The author, Starbucks barista Kristen Picciolo, had a baby last year and says the companys paid leave policy, which offers corporate employees more time off than baristas, is inequitable.
The author, Starbucks barista Kristen Picciolo, had a baby last year. She says the company's paid leave policy, which offers corporate employees more time off than baristas, is inequitable. courtesy of kristin Picciolo

My name is Kristen and I am barista at a Starbucks in Medina, Ohio. Next week I am traveling to Seattle with my 3-month-old baby so I can attend the Starbucks annual shareholder meeting.

Working at Starbucks is hard work, but it’s fulfilling, and I love my coworkers and my regular customers. That’s why it’s surprising, even to me, that I’m speaking out about a company policy that just isn’t right. But major life events have a way of opening your eyes to what’s important.

Last year when I found out I was pregnant with my first baby, I was thrilled and excited. Like all expecting parents, I was worried about making sure the baby would be healthy and safe. I didn’t realize I had to worry about whether I would even be able to bond with my own child. It wasn’t until I was actually in labor at the hospital that I found out I wouldn’t get paid a single day for my maternity leave, being a few hours short to qualify. And that even if I had qualified, the leave I got would have been paltry compared to the time that workers in the corporate headquarters get.

Starbucks recently made headlines with a new policy that provides up to 12 weeks of fully paid parental leave, and an additional 6 weeks for birth recovery. But when you read past the headlines, it turns out that expecting parents who work in the stores—baristas like me—get much less, or nothing at all. New birth moms get only 6 weeks paid leave—and only when they qualify for a base number of hours. New dads and adoptive parents don’t get even a single day.

The situation opened my eyes to the fact that hard-working families across the country are facing a caregiving crisis. Right now, one in four new mothers go back to work just 10 days after childbirth because they don’t have any paid family leave, and they can’t afford to get by without any income. And millions of dads and adoptive parents don’t get even a single day of paid leave to bond with their babies.

Corporate policies that provide unequal leave for headquarters staff and partners in stores don’t make any sense: Are our babies and families less important than those born to corporate employees?

Starbucks employees who work in the stores like me know this isn’t right. I’m one of over 83,000 people who have signed petitions started by current and former Starbucks baristas asking Starbucks to do what is right and offer the same parental leave benefits to in-store employees as new parents who work in the corporate office. Because my babies need just as much time with me as their babies need with them.

This is so important to me that I am traveling to Seattle next week to make sure Starbucks listens to our concerns. I will be joining local baristas to talk to investors and executives about whether they’re comfortable with a policy that leaves out baristas—the heart and soul of the company.

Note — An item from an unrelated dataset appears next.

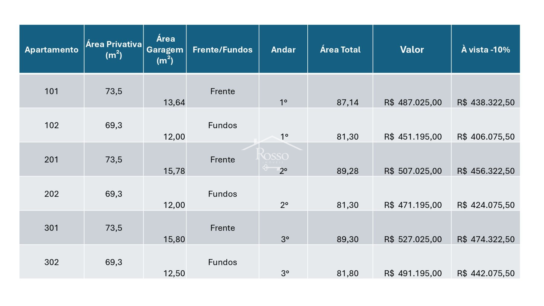 - Apartamento 301 - no 3º andar com 89,30m² de área total sendo 73,5m² área privativa e 15,80m² área de garagem com valor de R$ 527.025,00 (R$ 474.322,50 à vista -10%).
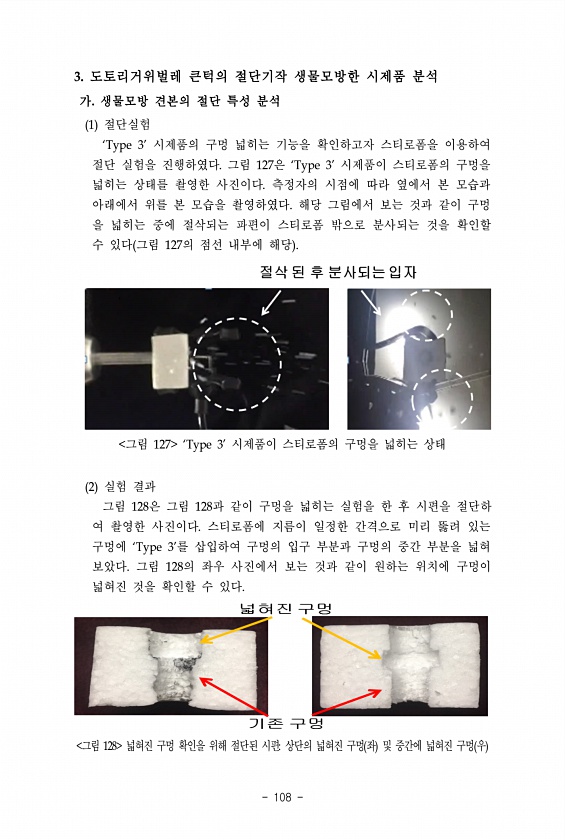 108 3. 도토리거위벌레 큰턱의 절단기작 생물모방한 시제품 분석 가. 생물모방 견본의 절단 특성 분석 1 절단실험 ‘Type 3’ 시제품의 구멍 넓히는 기능을 확인하고자 스티로폼을 이용하여 절단 실험을 진행하였다. 그림 127은 ‘Type 3’ 시제품이 스티로폼의 구멍을 넓히는 상태를 촬영한 사진이다. 측정자의 시점에 따라 옆에서 본 모습과 아래에서 위를 본 모습을 촬영하였다. 해당 그림에서 보는 것과 같이 구멍 을 넓히는 중에 절삭되는 파편이 스티로폼 밖으로 분사되는 것을 확인할 수 있다 그림 127의 점선 내부에 해당 그림 127 ‘Type 3’ 시제품이 스티로폼의 구멍을 넓히는 상태 2 실험 결과 그림 128은 그림 128과 같이 구멍을 넓히는 실험을 한 후 시편을 절단하 여 촬영한 사진이다. 스티로...

Starbucks is one of the largest employers in the country, and a truly fair and equal parental leave program will set the stage for many other companies to follow their leadership. Starbucks is a great company that has the chance to be even better. I hope they will reconsider their policy.

All parents know how precious every minute is with a newborn—but we shouldn’t have to count that time in minutes, or mere days. I know that every parent deserves the chance to bond with their baby, and that you can’t get that time back. It’s time for the company’s leadership to acknowledge that baristas deserve the chance to be there with their babies, just as much as the staff in corporate headquarters.